Os policiais militares envolvidos no caso do atropelamento e morte do músico Rafael Mascarenhas, filho da atriz Cissa Guimarães, prestarão depoimento à juiza da Auditoria Militar, Ana Paula Barros, nesta quinta-feira. O sargento Marcelo Leal e o cabo Marcelo Bigon, do 23º BPM (Leblon) chegaram ao prédio da Auditoria Militar por volta de 10h e ainda aguardam convocação.
Não há previsão para o início dos depoimentos. Além da juíza Ana Paula Barros, um major e três capitães da Polícia Militar - membros do Conselho Permanente de Justiça, estarão presentes.

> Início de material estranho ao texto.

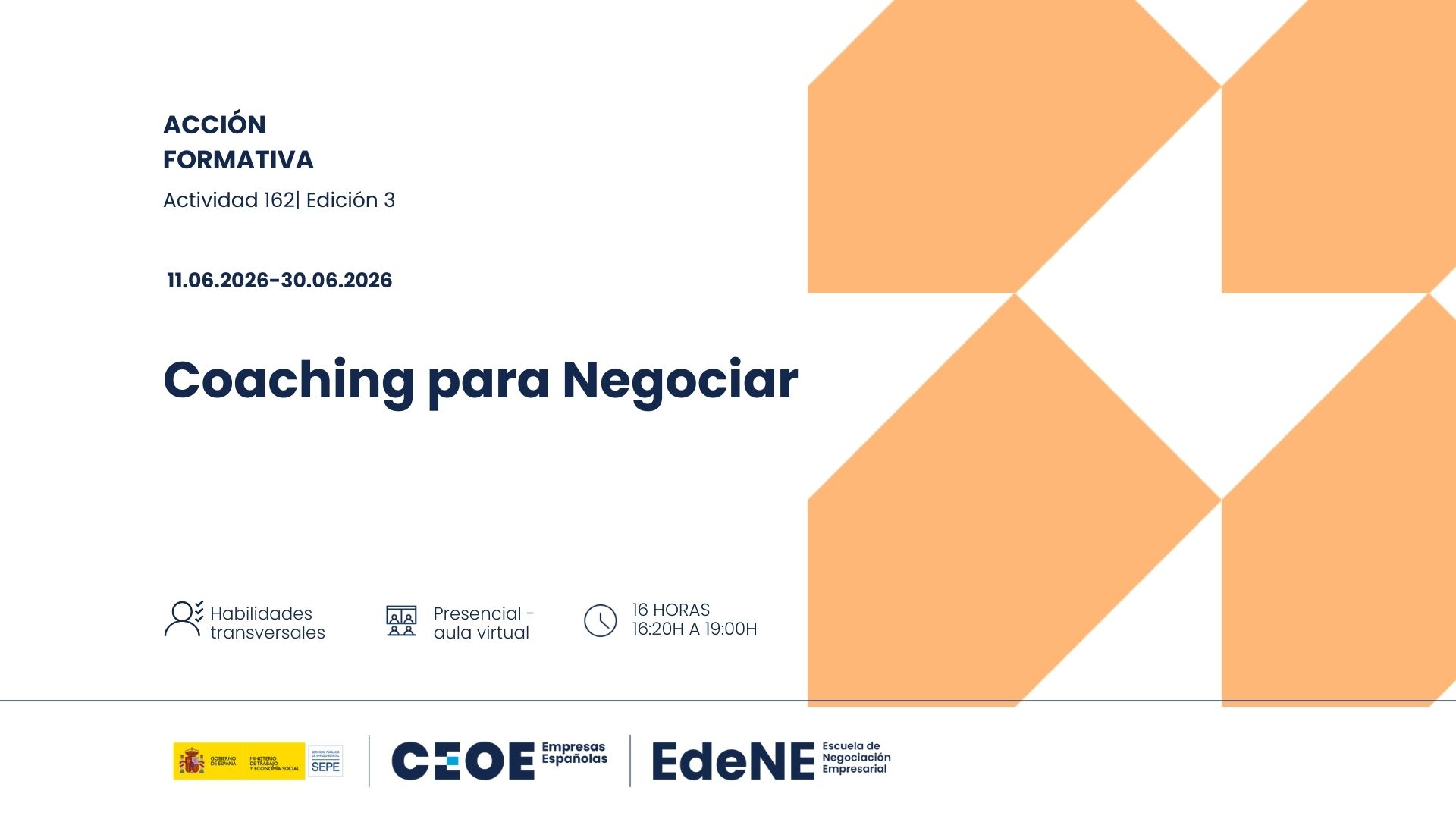 Curso de Coaching para Negociar 23 febrero, 2026 CEOE VA EDICIÓN 3. Información aquí. Solicitud aquí. Información: ACCION: 162 GRUPO: 3 FECHA DE INICIO: 11/06/2026 FECHA FIN: 30/06/2026 HORARIO: 16:20 A 19:00 DIAS DE IMPARTICION: JUNIO: 11-16-18-23-25-30

Na segunda-feira, o Ministério Público do Rio, junto à Auditoria de Justiça Militar, denunciou os PMs por corrupção passiva, falsidade ideológica e descumprimento de função. Segundo a Promotora de Justiça Isabella Pena Lucas, caso sejam condenados pelos três crimes os policiais podem pegar de 3 a 8 anos de prisão.
De acordo com a denúncia, na madrugada de 20 de julho, os PMs aceitaram, de Roberto Martins Bussamra, promessa de recebimento de R$ 10 mil para não atuar na preservação do local do atropelamento, prestar auxílio à vítima Rafael Mascarenhas e conduzir o atropelador Rafael Bussamra à delegacia.
Horas depois, os denunciados deixaram de cumprir missão, saindo do posto de patrulhamento para escoltar o carro do atropelador. Pela manhã, ainda de acordo com a denúncia, os policiais receberam de Roberto Bussamra R$ 1 mil como parte de pagamento do que havia sido combinado para que não fossem tomadas as providências cabíveis.
Por fim, os PMs apresentaram o Termo de Registro de Ocorrência com informação falsa, descrevendo a liberação do veículo de Rafael Bussamra sem a constatação de irregularidades. Após o atropelamento, Rafael Mascarenhas ainda foi levado para o Hospital Miguel Couto, mas não resistiu e faleceu.